===== Data below
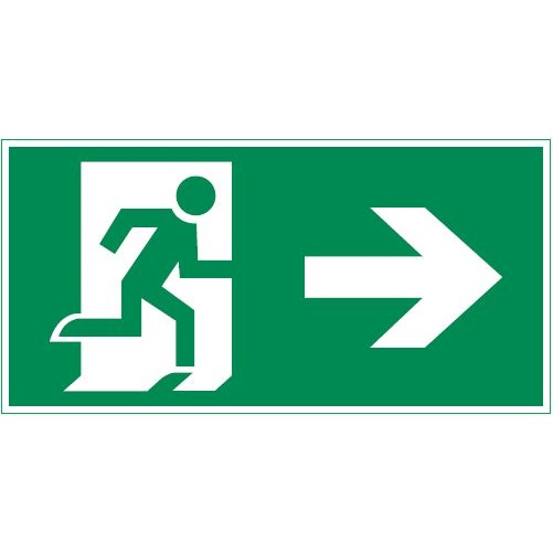 - Цветовая схема: белая фигура человека со стрелкой на фоне красного поля - соответствует ГОСТ Р 12.4.026 и требованиям к эвакуационным знакам;
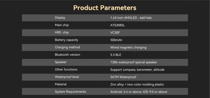 | Display | 1.43inch AMOLED HD display,DPI:466*466 |
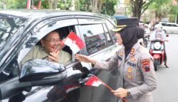 Kapolres Salatiga Tebar Bendera dan Bunga di Jalan Raya, Kobarkan Semangat HUT RI ke-80
==========
- Exercise goal
Give back the data exactly, with no images.

- Exercise answer
 - Цветовая схема: белая фигура человека со стрелкой на фоне красного поля - соответствует ГОСТ Р 12.4.026 и требованиям к эвакуационным знакам;
 | Display | 1.43inch AMOLED HD display,DPI:466*466 |
 Kapolres Salatiga Tebar Bendera dan Bunga di Jalan Raya, Kobarkan Semangat HUT RI ke-80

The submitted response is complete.